Reuters, the news and information provider, is understood to be planning to make up to 1,700 people redundant as part of a two-year plan to restructure the group.

The move, which will see the £18bn company trim its work force by 10 per cent, is part of its transformation into an internet-enabled business.

The job losses are expected to be made across all divisions of Reuters to improve margins aggressively. In 1999, for example, its information division operated on a margin of 16 per cent. Reuters' chief executive Peter Job wants to increase that to 20 per cent by 2002.

Paul Richards, media analyst at West LB Panmure, said: "They have set themselves a very aggressive target. It is clear that there will be an element of staff cuts as part of this."

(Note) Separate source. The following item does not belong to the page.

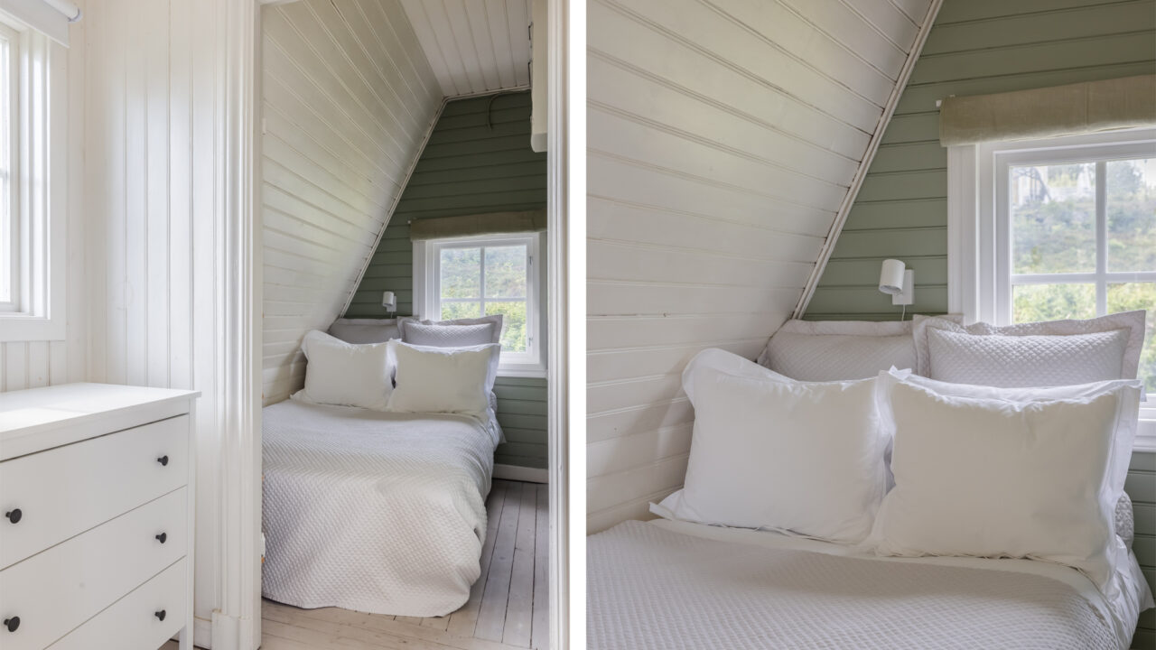 The villa sits in a lush garden filled with apple trees, with a private dock that makes it easy to head out and explore the islands. Right next to the garden you’ll find a shared beach, perfect for swimming on warm summer days, while children will love the trampoline and open lawns.
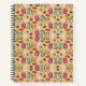 Spiral notebook with front and back covers featuring a playful winter pattern. The design includes hot drinks, mittens, and snowflakes on a warm beige background.

However, he said that it was unlikely that Reuters would "cut swaths of staff in one go". Instead Reuters would handle the loss in a "gentle way", re-deploying staff where it could.

The company, which was criticised last year for being slow to react to the internet, launched its online strategy in February. Central to the £500m plan is to use the internet to reach the consumer market.

Mr Richards said: "The internet has revolutionised Reuters' potential distribution channels. It can now offer information to the average consumer. If Reuters manages to hook up tens of thousands of willing consumers then it will have a big effect on profits and margins."

Reuters has formed a series of units within the group which it is planning to separately float off. That includes its incubator Greenhouse Fund, which has investments in 60 companies, and Instinet, its share-trading company which its is planning to float next year. Crédit Suisse First Boston estimates that Greenhouse could be worth £2.9bn and Instinet £3bn, or a total of 442p per share.

The investment bank says that Reuters is worth at least £13 per share. Reuters closed at £12.59 on Friday.

Meanwhile, speculation is intensifying over who will become Reuters' next chief executive. Mr Job, a former journalist who has been with the group for 38 years, is to retire in July and the City is bracing itself for an internal showdown.

The two men understood to be vying for the to job are: Tom Glocer, the aggressive head of Reuters Information who has just been promoted to the board, and Philip Green, who was poached from logistics company DHL to run Reuters Trading Solutions.

While Reuters has recently won plaudits in the City for its new strategy, analysts expect the new boss to crank the company into a higher gear to fend off fierce competition from Bloomberg, Dow Jones and Financial Times Group.